The commemorative portrayal of ‘Professor Darwin’ is based either on the photograph of him taken c.1880-1 by Elliott and Fry, which was widely known and reproduced, or on that taken by Barraud. The label may have belonged to a cigar-box series of ‘great men’ or ‘men of science’, but it is unknown to the author of this record whether others in such a set have survived, or whether other impressions of the Darwin design have come to light. However, its format is a familiar one in the genre of cigar-box decorations: a central framed portrait, with flags of all nations or other ornamental features fanning out around it. Indeed, the generic and somewhat incongruous nature of this surround might confirm that the portrait was originally one of a set. Nevertheless, the choice of Darwin for inclusion in such a project is a remarkable testimony to the honour and affection in which he was held by the American public at large; and it is likely that many more such Darwinian ephemera once existed. 

  • physical location collection of Professor William Friedman. An impression was offered for sale as lot 54 by PBA Galleries on 4 April 2007: https://www.pbagalleries.com/view-auctions/catalog/id/190/lot/55004/Professor-Darwin-Inner-Cigar-Box-Label?url=%2Fview-auctions%2Fcatalog%2Fid%2F190%2F 

  • copyright holder Professor Friedman 

  • originator of image artist unknown; the credit at bottom right shows it was lithographed by the firm of F. Heppenheimer’s Sons (successors to the firm started by their father Frederick Heppenheimer, who had operated from c.1872 onwards in a partnership with Louis Maurer).  
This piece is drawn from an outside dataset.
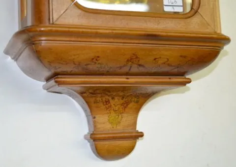 1 Wt. Miniature Vienna Regulator Clock In a nice case with a TO movement; a porcelain dial, the weight and the pendulum. (The dial is cracked.) 27Ò Tall x 9 1/2Ó Wide x 4Ò Deep Not tested.

  • date of creation late 1880s or early 1890s. The firm of F. Heppenheimer’s Sons probably operated from c.1885 to c.1892. 

  • computer-readable date c.1885-1-1 to c.1892-12-31 

  • medium and material chromolithography 

  • references and bibliography  Information relating to the acquisition by the John W. Hartman Center for Sales, Advertising & Marketing History, Duke University Libraries, of the records of the cigar manufacturing company Sauer, Farrell & Company; this archive included a specimen book of cigar-box labels created by Heppenheimer & Maurer, c.1878. Another large collection of such labels, including one of Heppenheimer & Maurer’s sample books from the 1870s, and sets produced by other firms in the 1880s and 1890s, is in the Metropolitan Museum of Art, New York. Getty Images and the websites of some auction houses illustrate many examples of cigar-box labels. J. van Wyhe, ‘Iconography’, p. 146.